Einen zittrigen Atemzug aus seinen Lungen pressend, blinzelte der Blonde die Tränen aus seinen Augen, ignorierte das Gefühl, das sie auf seinen Wangen hervorriefen und hauchte schließlich in einer Mischung aus Entschuldigung, Reue und Hoffnung:
"Wir haben uns geküsst..."
"Nur das?", fragte Buck nun sanft und lächelte aufmunternd.
Ein Kuss?
Ein Kuss machte ihn so fertig?
"Ich habe nicht mehr zugelassen..."
Die Art, wie Steve ihm das gestand, wurde Bucky klar, wie zerrissen Steve wirklich sein musste.
Er spürte, wie der Blonde am ganzen Körper zitterte, spürte die Anspannung in ihm, die jeden einzelnen seiner Muskeln zu erfassen schien.
Er hasste es...
Er hasste es, wie viel er für Steve empfand, aber noch viel mehr hasste er es, diesen Mann vor ihm so zerrissen zu sehen.
Er hasste, wie sehr er das verstand und wie sehr er sich wünschte, dass Steve aufhören würde sich selbst so zu geiseln.
Aber vor allem hasste er die Tatsache, dass er Steven niemals gehen lassen können würde...
Dass er immer der Mann sein würde, der hinter ihm stand.
In jeder Beziehung...
Sie waren Familie.
Auf ihre eigene, verdreht liebende Weise...

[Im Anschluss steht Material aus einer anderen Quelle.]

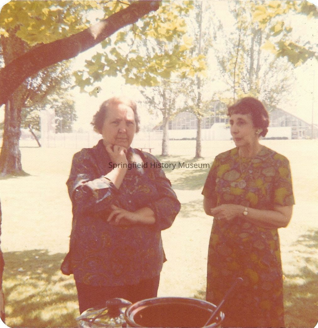 Springfield High school reunion held in 1970 for the class of 1930. Reunion was held in Willamalane Park. Two women standing in shade, on left, Audrey McFarland Patrick.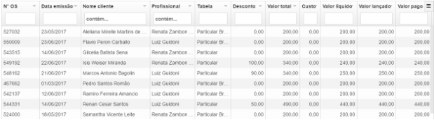 Relatório de comissão por Profissional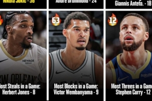 单场最多抢断:赫伯特·琼斯8次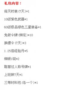 推荐阅读: 御龙小技巧20条 老手都不一定知道技巧 时装加成突破天际!御龙史上最牛逼时装 1:QQ安全中心礼包 http://aq.qq.com/cn2/manage/mbtoken/app_privilege?id=yl&source_id=2475 2:电脑管家活动 http://yl.qq.com/cp/a20150128ylgj/index.htm 3:QQ会员活动 http://youxi.vip.qq.com/game/zhuanqu/v5.html?id=yl 4:五城之约活动 http://yl.qq.com/act/a201412155city/ 5:全民福利礼包 http://hao.17173.com/gift-info-22878.html 6:腾讯游戏平台(需登录攒兑换券) http://tgp.qq.com/index.shtml 7:御龙在天叶子猪热战礼包 http://card.yzz.cn/fahao-3174.html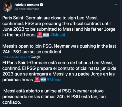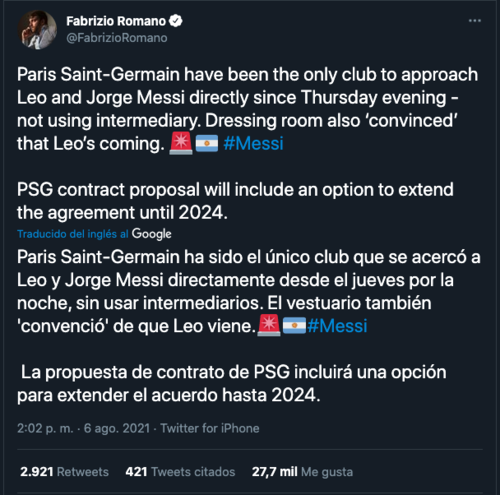 "El PSG ha sido el único club en acercarse a Leo y Jorge Messi... El vestuario está convencido de que Leo viene", publicó el periodista.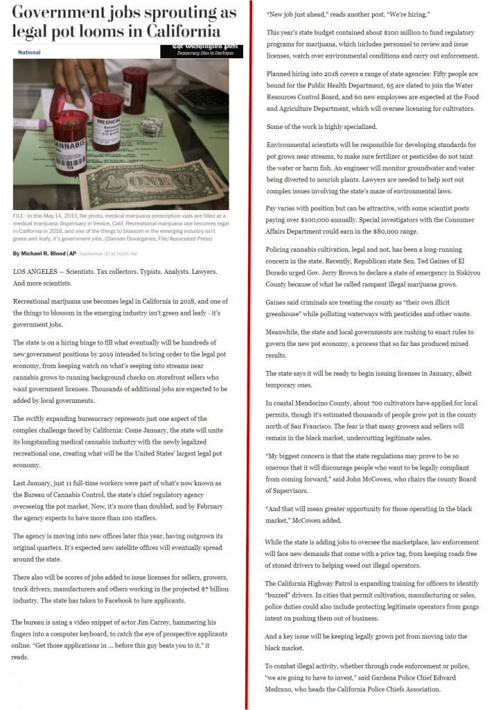 ...งจากกัญชาเป็นผลิตภัณฑ์ที่ถูกกฎหมายไปแล้ว (อ้างอิง: Government jobs sprouting as legal pot looms in California - https://www.washingtonpost.com/national/government-jobs-sprouting-as-legal-pot-looms-in-california/2017/09/30/8be9bf08-a5ed-11e7-b573-8ec86cdfe1ed_story.html) ---------------------------------- นครลอส แองเจิลลีส: ตำแหน่งหน้าที่การงานมีอาชีพการเป็น นักวิทยาศาสตร์, ผู้ทำการเก็บภาษีอากร, พนักงานป้อนพิมพ์ข้อมูลเข้าสู่ระบบ, ผู้ชำนาญการวิเคราะห์, นักกฎหมาย และนักวิทยาศาสตร์อีกหลายสาขา การใช้กัญชาเพื่อการสันทนาการ (Recreational marijuana) จะกลายเป็นเรื่องถูกต้องตามกฎหมายเมื่อเริ่มต้นปี พ.ศ. 2561 และเรื่องหนึ่งที่เริ่มงอกเงยในอุตสาหกรรมที่เพิ่งผุดขึ้นมานี้ ไม่ใช่เกี่ยวกับเรื่องดอกไม้ใบหญ้าสีเขียวแต่อย่างใด – แต่มันกลายเป็น ตำแหน่งการงานภายในรัฐบาลต่างหาก ในเวลานี้ ทางรัฐบาลของรัฐแคลิฟอร์เนียกำลังอยู่ในช่วงระยะของการประกาศว่าจ้างบุคลากร เพื่อเข้าไปประจำตำแหน่ง และท้ายที่สุดแล้ว ก็จะมีตำแหน่งใหม่ๆ เพิ่มขึ้นในรัฐบาลนับหลายร้อยตำแหน่ง ภายในปี พ.ศ. 2562 และจุดประสงค์ก็เพื่อ นำเอาเรื่องของความถูกต้องตามกฎหมายในการเสพกัญชามาปฏิบัติใช้ต่อการช่วยเหลือเรื่องทางเศรษฐกิจ หลังจากที่ทำการเฝ้ามองสังเกตการณ์ว่า อะไรจะแทรกซึมเข้ามาสู่กระแสของการเจริญเติบโตเกี่ยวกับเรื่องเกี่ยวกับกัญชา ด้วยการตรวจสอบเช็คประวัติพื้นเพเบื้องหลังชองผู้ประกอบการขายผลผลิตต่างๆ ซึ่งต้องการใบอนุญาตการค้าขายจากรัฐบาล และมีการคาดหวังกันว่า จะมีตำแหน่งงานเพิ่มขึ้นเป็นจำนวนนับพันตำแหน่ง ที่จะเข้าไปเพิ่มสู่ส่วนงานในรัฐบาลส่วนท้องถิ่นต่างๆ อีกด้วย การขยายตัวของระบบทางการอย่างรวดเร็ว เป็นตัวแทนให้เห็นเพียงมุมมองเดียวในเรื่องของการท้าทายอันยุ่งยากสลับซับซ้อน ที่ทางรัฐแคลิฟอร์เนียต้องเผชิญหน้าอยู่: เมื่อเดือนมกราคมที่กำลังจะมาถึงนี้ ทางการของรัฐจะรวมอุตสาหกรรมที่เกี่ยวข้องกับการใช้กัญชาทางการแพทย์ (Medical Cannabis) ไปเข้ากับกลุ่มของการใช้กัญชาเพื่อการสันทนาการ ให้เข้ามาอยู่ด้วยกันเป็นหนึ่งเดียว เรื่องนี้ทำให้กลายเป็นฐานเศรษฐกิจที่ใหญ่ที่สุดของประเทศสหรัฐอเมริกา ในเรื่องของการค้าขายกัญชาอย่างถูกต้องตามกฎหมาย ---------------------------------- เมื่อเดือนมกราคมที่ผ่านมา มีพนักงานที่ทำงานเต็มเวลาทั้งหมดเพียงแค่ 11 คน ซึ่งเป็นส่วนหนึ่งที่ทราบกันในปัจจุบันว่า เป็นหน่วยงานของกองควบคุมกัญชา (Bureau of Cannabis Control) หัวหน้าผู้ออกระเบียบควบคุมองค์กรของรัฐ เป็นผู้กำกับดูแลตลาดการซื้อขายกัญชาทั้งหมด ในเวลานี้ จำนวนพนักงานได้เพิ่มขึ้นมากกว่าสองเท่าตัว และในเดือนกุมภาพันธ์ของปี พ.ศ. 2561 นี้ ทางองค์กรคาดหวังว่า จะมีพน

"Komm her...", wispernd, zog er den schluchzenden Hünen an sich.
Hielt dem Ansturm der Trauer und der Verzweiflung stand, der sich an seiner Schulter frei brach.
Und schloss die Augen, als er Steve umarmte und seinen Kopf an ihn schmiegte, als dieser in seiner Halsbeuge hemmungslos weinte.